Avg: 1.5 from 2 votes
|Type:||Trad, TR, Ice, 50 ft|
|Page Views:||839 total · 12/month|
|Shared By:||Leo Paik on Feb 27, 2012|
|Admins:||Leo Paik, John McNamee, Frances Fierst, Monty, Monomaniac|
DescriptionThis is a climb that can vary dramatically in its appearance, steepness, and protectability. Apparently, according to a couple guidebooks, this can be a WI3...likely in January or late December? Later in the season, this can probably be a boot only snow slog. So, probably a WI1-3 rating would be most descriptive, but that isn't an option.
The climb gets early sun. The left side of the climb is in the shade at 12pm. The rest of the climb goes into the shade ~215pm.
As with many waterfall ice climbs, this one can form a shell that isn't too thick in places. So a medium screw or forceful swing or kick could penetrate the ice.

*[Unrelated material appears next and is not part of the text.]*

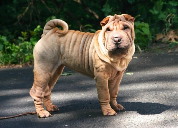 Шарпеи – представители древней китайской породы. Раньше эти собаки выполняли роль охотников и сторожей, а сегодня являются домашними любимцами и отличными компаньонами. Характерными чертами породы являются ярко выраженные кожные складки (обусловленные специфической мутацией определенного гена), а также сине-черный язык. Окрас классических шарпеев значительно варьируется, оставаясь при этом в черной гамме. У дельютных типов (лишенных черного пигмента) – лавандовый язык, а шерсть имеет окрас различных светлых тонов (шоколадный, абрикосовый, красный, лиловый, кремовый, а также некоторые другие). Иногда на мордочке животного есть черная маска – таким причудливым образом проявляются особенности окраса у представителей этой китайской породы. Характер у этих питомцев спокойный, взрослых собак отличает преданность семье и недоверие к незнакомцам. Щенков необходимо социализировать и дрессировать, чтобы предупредить агрессивное поведение по отношению к другим собакам, например, во время прогулки

Also, there is a photo in Cameron Burns' Colorado Ice Climber's Guide on p. 57 that is fairly representative of what we found today, except there was some exposed ice on the far upper left.

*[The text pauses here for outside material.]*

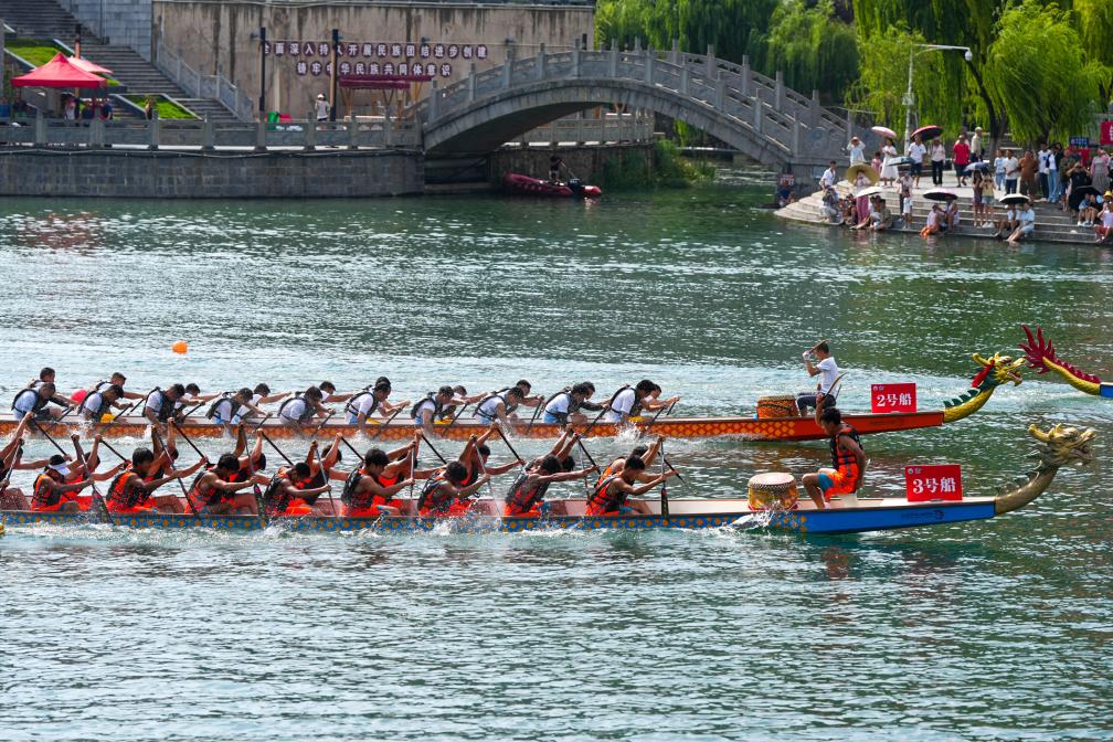 7月19日,龙舟队伍在镇远县㵲阳河上比赛。新华社发(龙建睿摄)

LocationThis is in the Wild Basin section along the main trail at the road's end that goes past Hidden Falls, Calypso Cascades, and continues up to Thunder Lake, Lion Lakes, and Mt. Alice.
From the winter parking lot (1.2 miles from the Wild Basin entrance station), walk along the road ~1 mile to the trailhead/warming cabin area. Continue past Copeland Falls (~1.3 miles), past the Pine Ridge campsite, past the turnoff for the Tahosa/Aspen Knoll/Twin Lakes/North St. Vrain campsites (~2.4 miles), past Calypso Cascades (~2.7 miles) which doesn't have climbing, contour WNW to a last few switchbacks on a blunt ridge to the signed "Ouzel Falls" (~3.7 miles). Expect 2-3 hours. It is ~1000' elevation gain.
While often you can find the trail packed by snowshoers and not require flotation, skis can be nice for a quicker exit. Expect 1-1 1/4 hours if you ski out.